Contact your insurance company. That may well end up being a substantial claim. Damage to sheething, vinyl siding, and possibly gutters, soffit, and fascia. Again, unfortunately, with the cold persisting, you won't be able to have any work done any time soon, but, if you get the wheels rolling with the insurance claim, you will have money to complete the repairs.


----------



## carpdad (Oct 11, 2010)

That's full vent soffit. If you have ice dam, you don't have ridge vent or soffit vent is blocked, insulation? You also may not have enough insulation on top, although new house should have enough in your area.
Likely culprit is your bath vent. The duct or connection is leaking air or condensing water and going though a nail, ply or construction debris.


----------



## RichTibo (Jan 26, 2013)

It's not something the builder should fix within Tarion? I should go directly to insurance?


----------



## Gymschu (Dec 12, 2010)

Yes contact your builder first. I didn't realize this was a brand new home. It should still be under warranty.


----------



## jagans (Oct 21, 2012)

Is this only happening in one or two areas, or is it widespread? Are you sure this is the result of iron oxide?


----------



## joecaption (Nov 30, 2011)

I'd be shocked if any insurance company is going to want anything to do with this one.
Has there been any ice building up on lower the edge of the roof?
Just because it's new construction I would not just assume there's enough insulation, there's baffles, proper venting. 
Going to have to go in the attic and look. 
While your up there look for wet sheathing or insulation.


----------



## Windows on Wash (Aug 30, 2011)

I am suspect of that vent.
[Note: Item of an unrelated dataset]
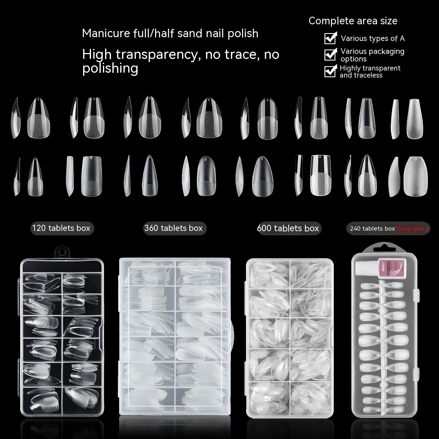 Color: 01 almond half sand, 02 medium and long ballet half sand, 03 water drops half sand, 04 fat almond half sand, 05 Oval half sand, 06 long ballet half sand, 07 long spikes are half sand, 08 medium and long squares are full of sand, 09 long ballet is full of sand, 11 drops of water are full of sand, 12 long spikes are full of sand, 13 medium and rectangular are half sand, 14 long drops of water and half sand, 15 short ballet full of sand, 16 long ballet full of sand, 17 short square half sand, 18 short ballet half sand, 19 short ladder ballet half sand, 20 short almond half sand, 21 Small Round Square half sand, 22 short fat almond half sand
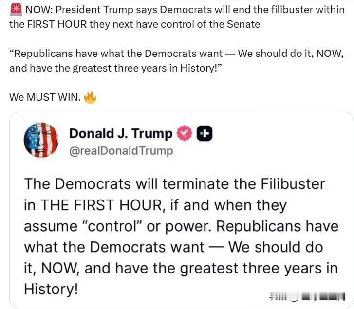 特朗普总统警告,民左党在下一次掌控参议院的第一小时内就会结束阻挠议事(filibuster)。 他说:“共和党掌握了民左党想要的东西——我们现在就应该行动,让接下来的三年成为历史上最伟大的三年!”

I would like to see what type of screws and what type of ducting was used there.


----------



## hardtroofing (Feb 4, 2015)

I would grab a piece and separate it by pulling them apart and then see what is happening behind the siding. I had one job where I replaced roof and underneath the porch this was happening we later discovered the siding was at a slant and water was crawling from the exposed area and then dripping down the middle of the siding. So my thinking is to see where the water is coming from first.


----------